- EXERCISE DETAILS
For this exercise, write out the whole listing below exactly, omitting its images.

- DATA EXCERPT
- Opening Delimiter -

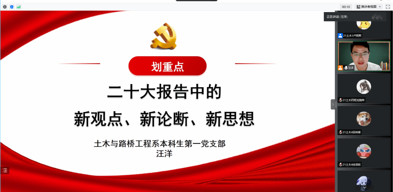 土木类党课汪洋老师以“二十大报告中的新观点、新论断、新思想”为重点,围绕大会主题、三个务必、十年来的三件大事、全面建设社会主义现代化国家、全面推进中华民族伟大复兴关键在党、五个“必由之路”、以及建设社会主义现代化国家的内在要求等六个方面给同学们深入解读二十大报告的内容。并深情寄语我们广大青年牢记:“青年强,则国家强!”努力锻炼自身本领,坚定不移听党话、跟党走,怀抱梦想又脚踏实地,敢想敢为又善作善成,立志做有理想、敢担当、能吃苦、肯奋斗的新时代好青年,让青春在全面建设社会主义现代化国家的火热实践中绽放绚丽之花。
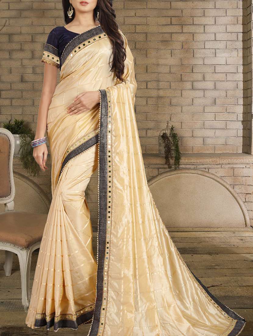 - » mirror lace border checkered beige saree with blouse
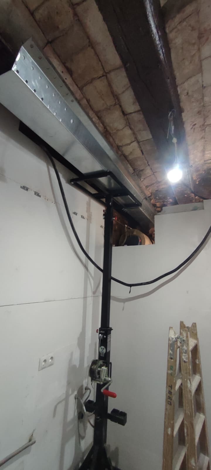 La intervención se resolvió mediante la instalación de mecanovigas metálicas telescópicas del Modelo CES, colocadas paralelamente a las vigas de madera existentes.
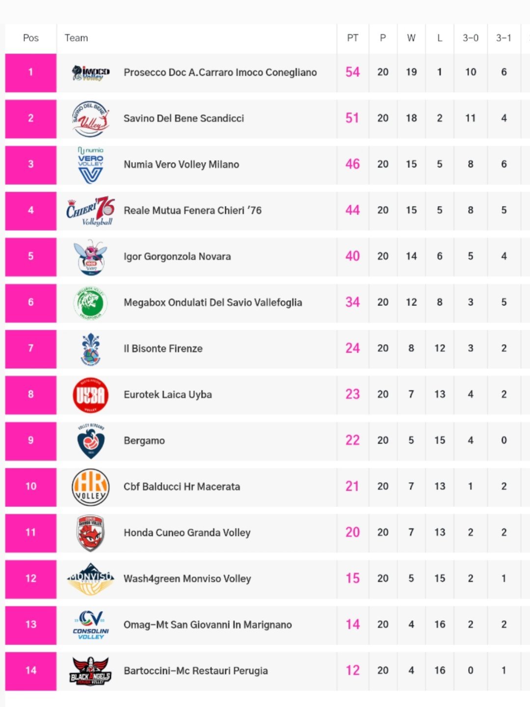【庄宇珊保级形势分析】意大利女排联赛 ❤️蒙·维·索:15分,5胜,剩余要打球队

- Closing Delimiter -

- SOLUTION BELOW
 土木类党课汪洋老师以“二十大报告中的新观点、新论断、新思想”为重点,围绕大会主题、三个务必、十年来的三件大事、全面建设社会主义现代化国家、全面推进中华民族伟大复兴关键在党、五个“必由之路”、以及建设社会主义现代化国家的内在要求等六个方面给同学们深入解读二十大报告的内容。并深情寄语我们广大青年牢记:“青年强,则国家强!”努力锻炼自身本领,坚定不移听党话、跟党走,怀抱梦想又脚踏实地,敢想敢为又善作善成,立志做有理想、敢担当、能吃苦、肯奋斗的新时代好青年,让青春在全面建设社会主义现代化国家的火热实践中绽放绚丽之花。
 - » mirror lace border checkered beige saree with blouse
 La intervención se resolvió mediante la instalación de mecanovigas metálicas telescópicas del Modelo CES, colocadas paralelamente a las vigas de madera existentes.
【庄宇珊保级形势分析】意大利女排联赛 ❤️蒙·维·索:15分,5胜,剩余要打球队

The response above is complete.